BNIP3 localizes to the outer mitochondrial membrane, has been demonstrated to be extensively involved in abnormalities to mitochondrial metabolic function and dynamicsand in non-alcoholic fatty liver disease (NAFLD). However, its role in NAFLD under hypoxia remains unclear. This study aimed to investigate the expression and the role of BNIP3 in NAFLD under hypoxia, and explore its involvement in regulating NAFLD mitophagy, fatty acid β-oxidation both in vivo and in vitro. BNIP3-mediated mitophagy level was analyzed using real-time quantitative polymerase chain reaction, Western blotting, immunofluorescence and electron microscopy. The role of BNIP3 in fatty acid β-oxidation was evaluated using lipid droplet staining, triglyceride content determination, and cellular energy metabolism. The results showed that compared with the HFD-2200 m, the body weight, inflammatory liver injury, and lipid deposition were significantly reduced in the HFD-4500 m group (P < 0.05), but autophagy and mitophagy were increased, and the expression of the mitophagy receptor BNIP3 was increased (P < 0.05). Compared to the control group, BNIP3 knockdown in the hypoxia group resulted in decreased levels of CPT1, ATGL, and p-HSL in lipid-accumulating hepatocytes, lipid droplet accumulation and triglyceride content increased (P < 0.05). Moreover, the ability of lipid-accumulating hepatocytes to oxidize fatty acids was reduced by BNIP3 knockdown in the hypoxia group (P < 0.05). Therefore, it can be concluded that, in NAFLD mice under hypoxia, BNIP3-mediated mitophagy promotes fatty acid β-oxidation. This study elucidated the role of BNIP3 in promoting fatty acid β-oxidation in NAFLD under hypoxia, and suggests BNIP3 may serve as a novel potential therapeutic target for NAFLD.

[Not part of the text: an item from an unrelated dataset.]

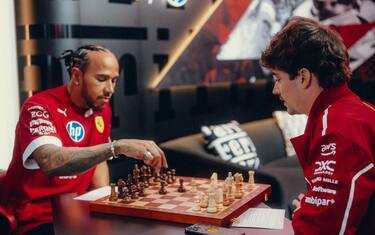 Ferrari, Hamilton e Leclerc si sfidano a scacchi prima di andare in pista. FOTO
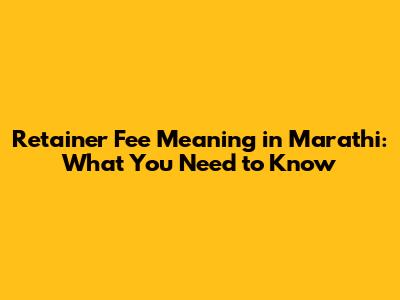Retainer Fee Meaning In Marathi: What You Need To Know

BNIP3 定位于线粒体外膜，已被证明广泛参与线粒体代谢功能和动力学异常以及非酒精性脂肪肝疾病 (NAFLD)。然而，其在缺氧条件下 NAFLD 中的作用仍不清楚。本研究旨在探讨缺氧条件下BNIP3在NAFLD中的表达及作用，探讨其在体内外调控NAFLD线粒体自噬、脂肪酸β-氧化的作用。使用实时定量聚合酶链反应、蛋白质印迹、免疫荧光和电子显微镜分析BNIP3介导的线粒体自噬水平。使用脂滴染色、甘油三酯含量测定和细胞能量代谢评估BNIP3在脂肪酸β-氧化中的作用。结果显示，与 HFD-2200 m 组相比，HFD-4500 m 组体重、炎性肝损伤、脂质沉积明显减轻（ P < 0.05），但自噬和线粒体自噬增加，且线粒体自噬受体BNIP3增加(P <0.05)。与对照组相比，低氧组 BNIP3 敲低导致脂质堆积肝细胞中 CPT1、ATGL 和 p-HSL 水平降低，脂滴积累和甘油三酯含量增加（P < 0.05）。此外，低氧组中 BNIP3 敲低可降低脂质堆积肝细胞氧化脂肪酸的能力（P < 0.05）。因此，可以得出结论，在缺氧的NAFLD小鼠中，BNIP3介导的线粒体自噬促进了脂肪酸β-氧化。该研究阐明了BNIP3在缺氧条件下NAFLD中促进脂肪酸β-氧化的作用，并表明BNIP3可能作为NAFLD的新的潜在治疗靶点。